The following is an excerpt from a letter sent to all U.S. Veterans within the past two weeks.

"The Department of Veterans Affairs (VA) has recently learned that an employee took home electronic data from the VA, which he was not authorized to do and was in violation of established policies. The employee's home was burglarized and this data was stolen. The data contained identifying information including names, Social Security numbers and dates of birth for up to 26.5 million veterans and some spouses, as well as some disability ratings. As a result of this incident, information identifiable with you was potentially exposed to others. It is important to note that the affected data did not include any of VA's electronic health records or any financial information."

There are plenty of disturbing questions that reside within the letter released so far. Why was the information allowed to be taken out of the building?

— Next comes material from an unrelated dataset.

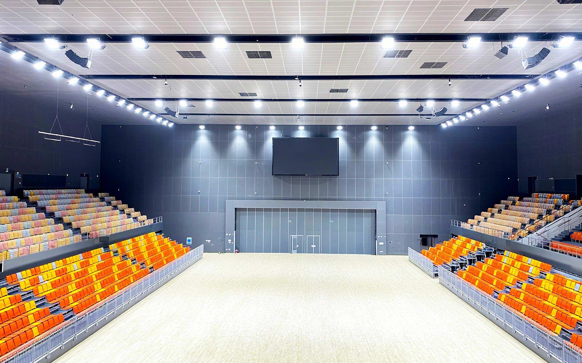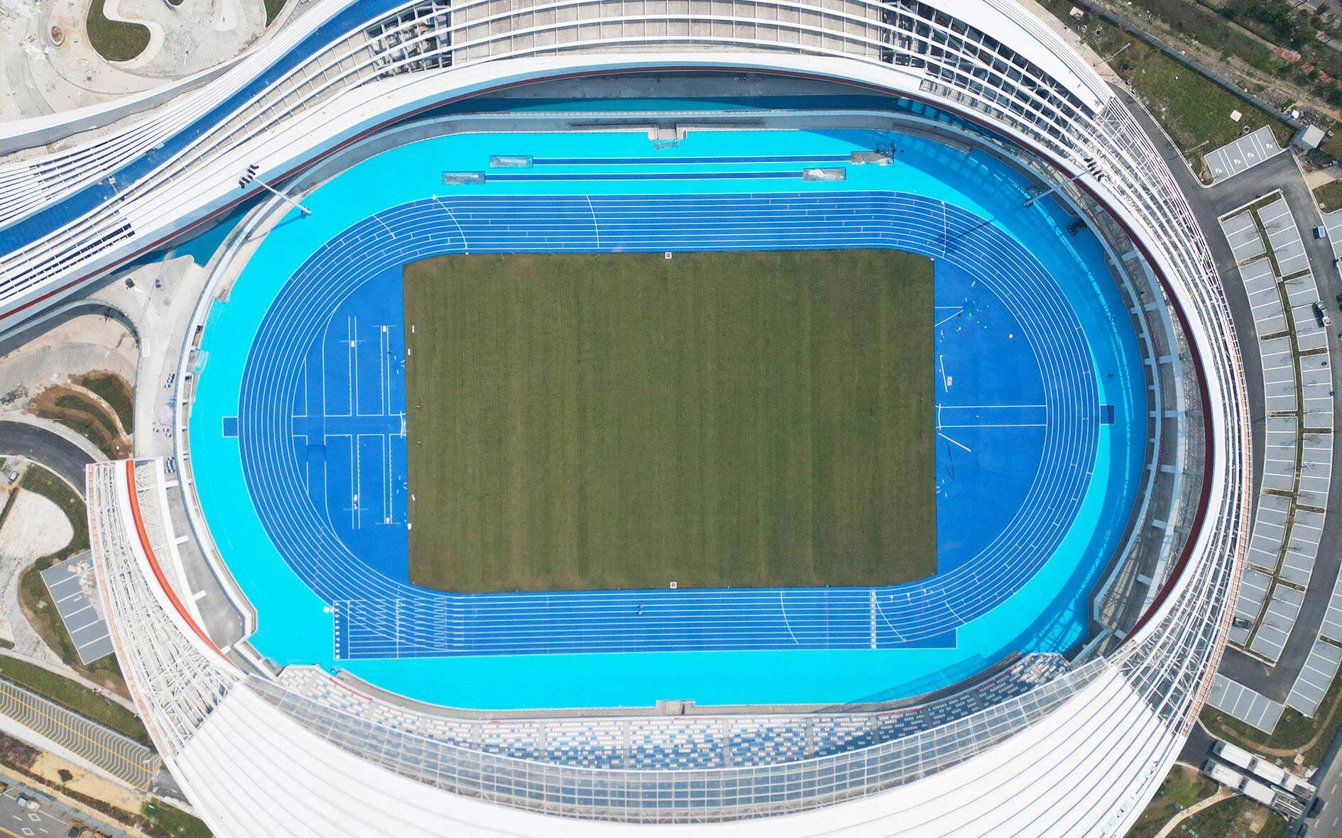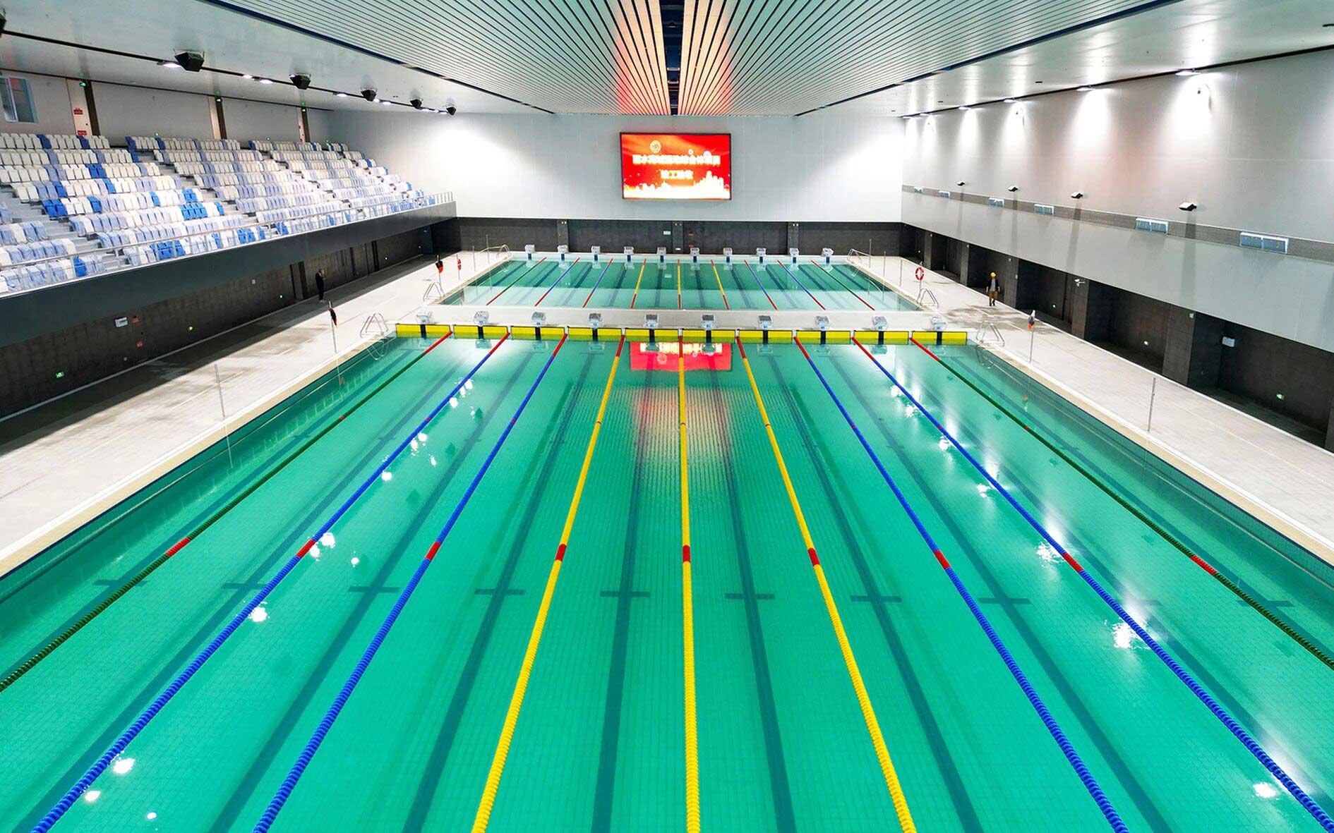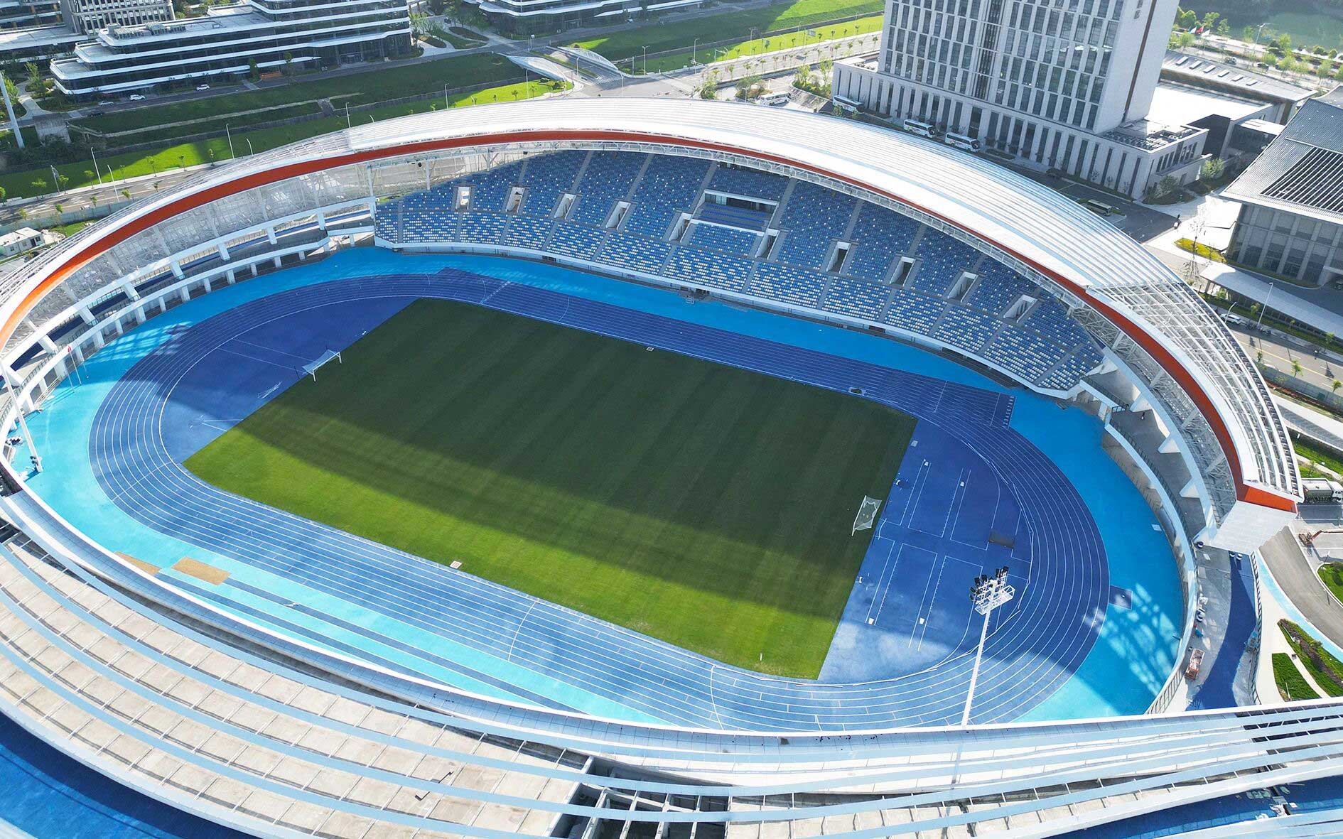 作为项目核心建设力量金陵体育承接了其中众多关键的体育工艺内容,覆盖所有室内场馆、室外球场及体育场的全流程体育工艺工程。从场地扩声和照明系统、LED大屏,到体育设施系统、各类体育器材、看台座椅,再到运动草坪、跑道铺设、泳池水处理、恒温除湿系统等,每一个细节都倾注了专业匠心。

What has happened to the employee who had the information when it was taken?

The biggest question, however, is still unanswered in Washington: What is the government doing to protect not only veterans, but Americans' vital information and to safeguard them from devastating identity theft?

Stolen Social Security numbers, names and birth dates allow criminals easy access to credit information, which can be used to steal from bank and credit card accounts. It affects approximately 9 million people each year and costs billions of dollars in damages. Yet Congress has been slow in addressing this growing problem.

Although consumer groups are pressing Congress to limit access to individuals' personal information and to pass laws punishing those who don't guard that information, lawmakers haven't responded strongly. However, Congress could change all of that now that 26 million veterans have had their personal information accessed by a burglar. They should act now to protect Americans from identity theft and not wait until something else happens.